Interest rate targets—the Fed’s most important policy decisions—have often strayed from levels suggested by Fed staff and tilted toward subjective forecasts.
This contrasts with standard economic analysis, which holds that FOMC members’ inflation expectations and votes on policy reflect objective information on how the economy is performing. If that were the case, though, each FOMC member would take the same policy position, since all of them have access to the same information. “We’re trying to understand why these experts have very different views,” Malmendier explains.

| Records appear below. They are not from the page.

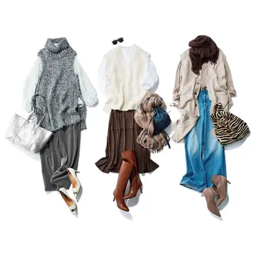 いつものニットスタイルが見違えるファージレを投入。自然なオフホワイトの色みが、ファーの柔らかな魅力を引き立てる。上からベルトをしてスタイルアップを。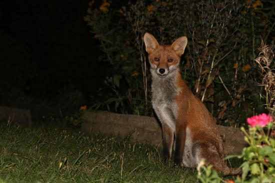 No such problem with the larger mammals though. They'll happily pose for the camera, and after a break of several days the young fox was back this evening exploring the garden after dark. His limp seems to have completely healed, and apart from some scratches on his leg he looked fine and was happy to wander around. No need to rush shots with him. I even had time to go inside to change the camera battery. Oh for a sparrowhawk that would allow that luxury!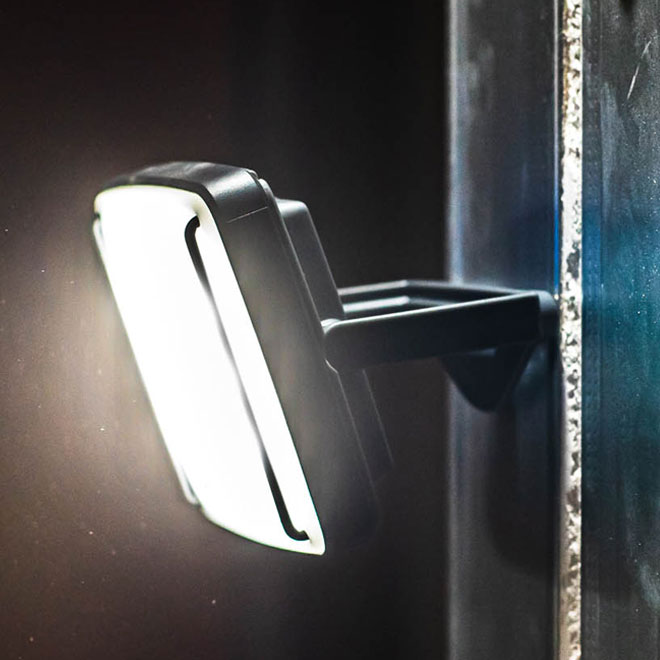 This rechargeable work light belongs to protection class IP67. That means it's got lens protection and a rubber shock absorber, it can withstand being dropped from a height of up to two metres, it's resistant to dust and water, and can even be submerged to one metre. In other words, it's a robust rechargeable LED work light that can handle any task, big or small!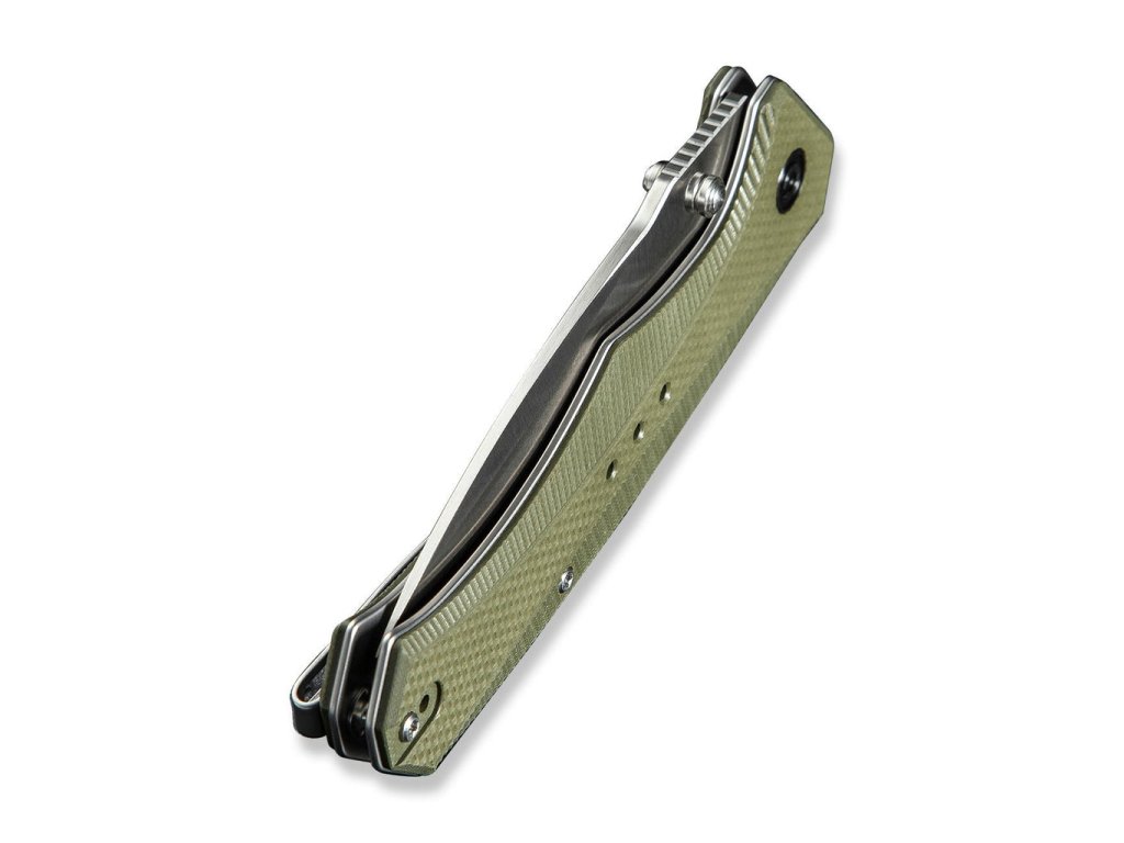 A 13,2 cm hosszú, zöld G10 markolat kényelmes fogást biztosít, amely nem fárasztja el a kezet. A texturált felület nagy előnyt jelent, mivel biztosabb fogást nyújt. A nagyobb markolat különösen alkalmas nagyobb kézmérettel rendelkező felhasználók számára. A kést flipperrel vagy pengeoldali pöckökkel lehet nyitni. A kés liner lock zárral rendelkezik. A kerámia golyóscsapágyak sima és hosszú távon megbízható működést biztosítanak.

Malmendier and her co-authors implemented a new model of experience-based learning, which holds that Fed policymakers forecast inflation based on how prices have behaved up to the time of an FOMC meeting. The researchers created an econometric model that incorporates lifetime inflation experience to forecast each FOMC member’s voting behavior. They controlled for changing attitudes by age, political party affiliation, and academic background in economics.
When the authors compared their experience-based forecasts with members’ actual voting behavior from March 1951 to January 2014, they found that those with more inflation experience were more likely to have hawkish voting patterns. The effect was striking: An FOMC member who had an above-average experience with inflation was one-third more likely to take a hawkish stance that went against the committee majority, and also one-third less likely to take a dovish stance.
Perhaps most striking was that FOMC members’ personal experiences with inflation have been a key determinant of Fed policy. Specifically, the interest rate targets set at FOMC meetings—the Fed’s most important policy decisions—have often strayed from levels suggested by Fed staff and tilted toward the subjective forecasts of FOMC members.
Malmendier and her co-authors estimate that, throughout most of the 2000s, the Fed’s interest rate targets would have been 0.5 to 1 percentage point lower if policy had been based exclusively on staff forecasts.
In other words, age matters when choosing Fed policymakers: Experience of inflation differs largely according to birth year.
“Our results add a twist to the practical notion that the choice of a policymaker can have a long-lasting impact on policy outcomes,” the paper concludes. “To predict a policymaker’s leanings, it is helpful to look at the person’s prior lifetime experiences.”